Some areas lend themselves to the application of the Big Data Framework. I have identified broadly four key areas:
- Marketing and Sales: Consumer behavior, marketing campaigns, sales pipelines, conversions, marketing funnels and drop-offs, distribution channels are all areas where Big Data can be applied to gather deeper insights.
- Human Resources: Employee engagement, employee hiring, employee retention, organization knowledge base, impact of cross-functional training, reviews, compensation plans are elements that Big Data can surface. After all, generally over 60% of company resources are invested in HR.
- Production and Operational Environments: Data growth, different types of data appended as the business learns about the consumer, concurrent usage patterns, traffic, web analytics are prime examples.
- Financial Planning and Business Operational Analytics: Predictive analytics around bottoms-up sales, marketing campaigns ROI, customer acquisitions costs, earned media and paid media, margins by SKU’s and distribution channels, operational expenses, portfolio evaluation, risk analysis, etc., are some of the examples in this category.
Hadoop: A Small Note!
Hadoop is becoming a more widely accepted tool in addressing Big Data Needs. It was invented by Google so they could index the structural and text information that they were collecting and present meaningful and actionable results to the users quickly. It was further developed by Yahoo that tweaked Hadoop for enterprise applications.
Hadoop runs on a large number of machines that don’t share memory or disks. The Hadoop software runs on each of these machines. Thus, if you have for example – over 10 gigabytes of data – you take that data and spread that across different machines. Hadoop tracks where all these data resides! The servers or machines are called nodes, and the common logical categories around which the data is disseminated are called clusters. Thus each server operates on its own little piece of the data, and then once the data is processed, the results are delivered to the main client as a unified whole. The method of reducing the disparate sources of information residing in various nodes and clusters into one unified whole is the process of MapReduce, an important mechanism of Hadoop. You will also hear something called Hive which is nothing but a data warehouse. This could be a structured or unstructured warehouse upon which the Hadoop works upon, processes data, enables redundancy across the clusters and offers a unified solution through the MapReduce function.

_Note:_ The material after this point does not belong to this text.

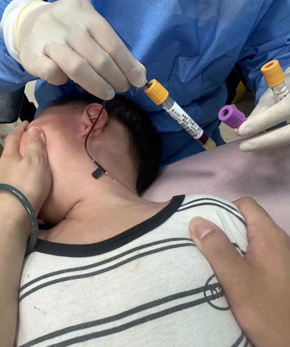 该女子称,儿子多次呕吐、腹泻一周,静脉抽血4次,后续诊断为心肌损害、中毒,并晒出了儿子的抽血照片和就医记录,显示“心肌损害,食物中毒复查”。“一个两岁半的小朋友,脖子静脉血,按出血口足足按了15分钟。在我没有任何处理方案之前,商家先给了我律师函……”

Personally, I have always been interested in Business Intelligence. I have always considered BI as a stepping stone, in the new age, to be a handy tool to truly understand a business and develop financial and operational models that are fairly close to the trending insights that the data generates. So my ear is always to the ground as I follow the developments in this area … and though I have not implemented a Big Data solution, I have always been and will continue to be interested in seeing its applications in certain contexts and against the various use cases in organizations.